Work required: Within the entries below, please return exactly the lines from the one with "- 2 szoba +" through the one with "该题考查对先付年金现值计算公", leaving out any pictures.
[Source data Boundary: Start]
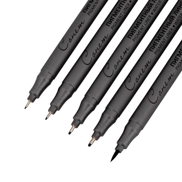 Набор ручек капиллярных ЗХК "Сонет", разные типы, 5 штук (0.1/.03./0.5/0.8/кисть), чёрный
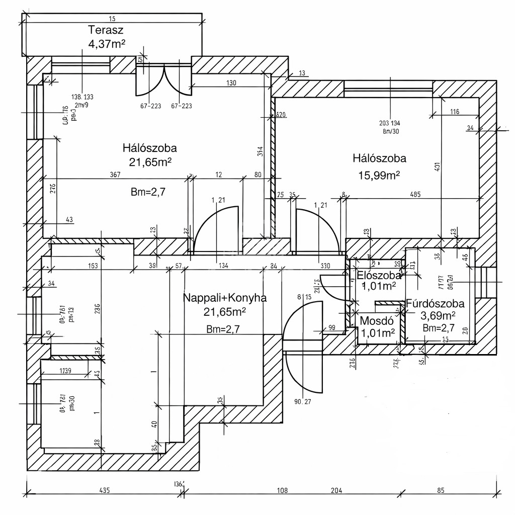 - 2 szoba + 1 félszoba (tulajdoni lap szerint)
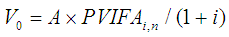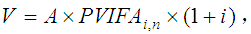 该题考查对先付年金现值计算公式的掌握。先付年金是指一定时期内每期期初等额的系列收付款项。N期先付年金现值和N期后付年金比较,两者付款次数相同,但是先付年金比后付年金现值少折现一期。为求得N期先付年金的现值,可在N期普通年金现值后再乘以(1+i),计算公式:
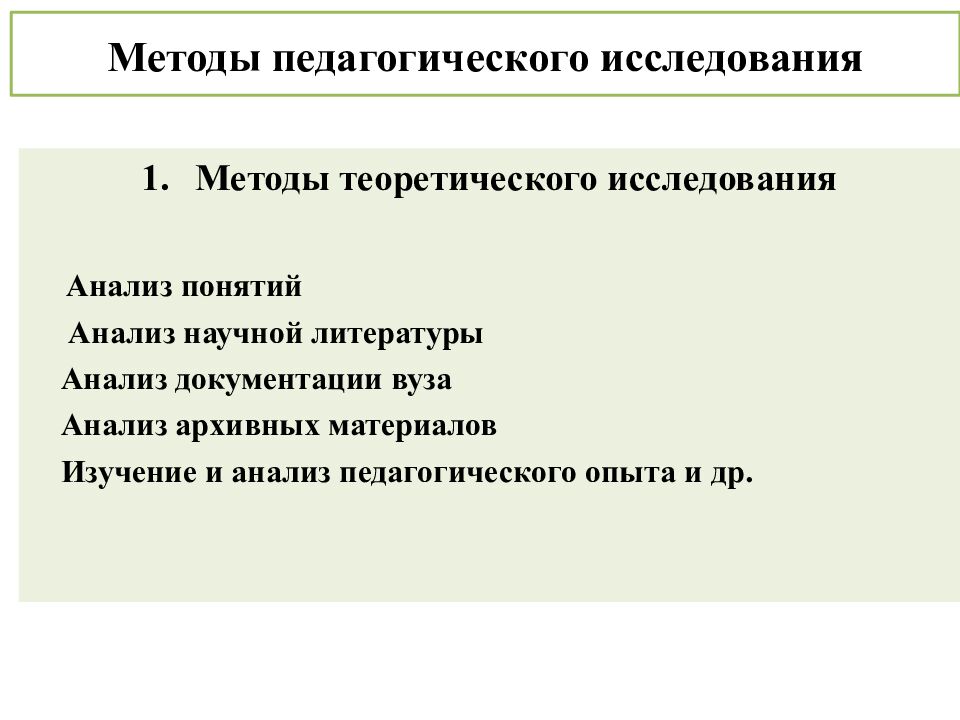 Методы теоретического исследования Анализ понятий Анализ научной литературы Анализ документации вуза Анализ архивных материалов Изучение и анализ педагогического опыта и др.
[Source data Boundary: End]
[Source data Boundary: Start]
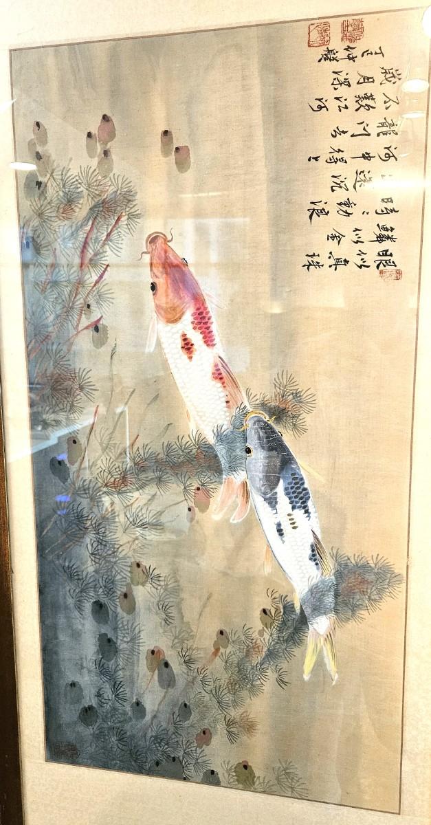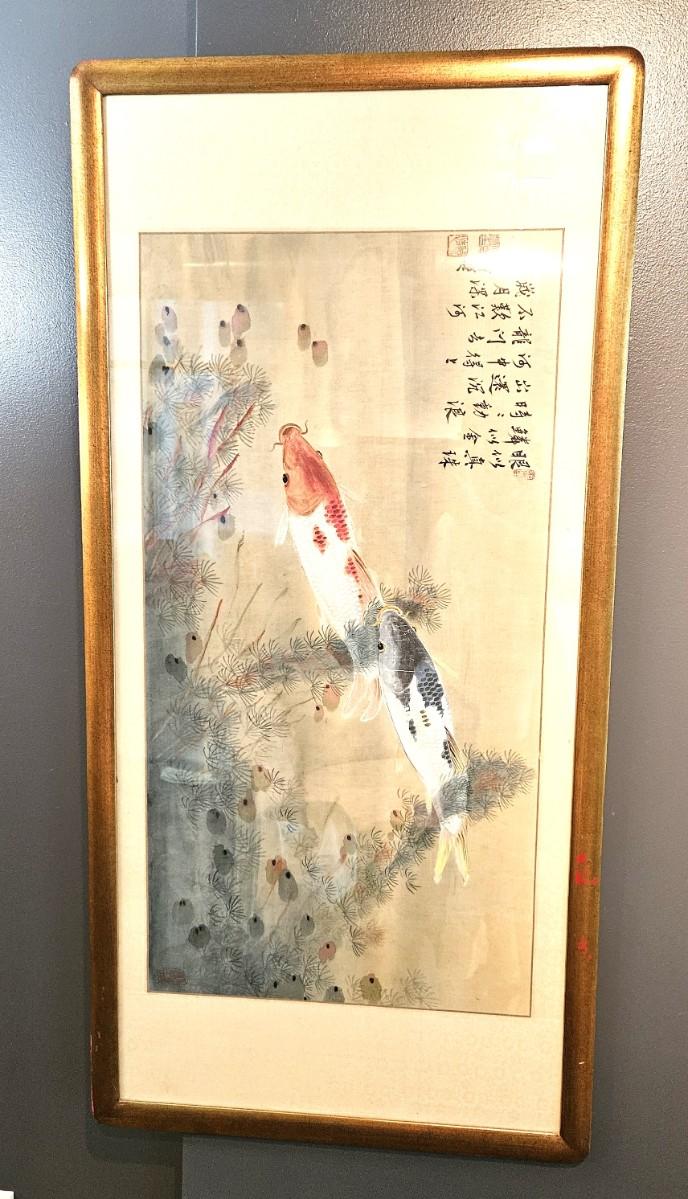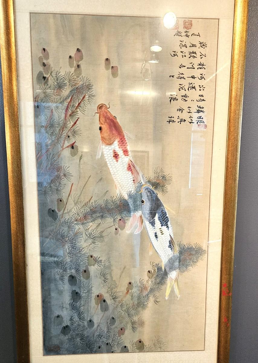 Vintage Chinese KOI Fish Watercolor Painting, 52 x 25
[Source data Boundary: End]
Solution to the exercise:
 - 2 szoba + 1 félszoba (tulajdoni lap szerint)
 该题考查对先付年金现值计算公式的掌握。先付年金是指一定时期内每期期初等额的系列收付款项。N期先付年金现值和N期后付年金比较,两者付款次数相同,但是先付年金比后付年金现值少折现一期。为求得N期先付年金的现值,可在N期普通年金现值后再乘以(1+i),计算公式:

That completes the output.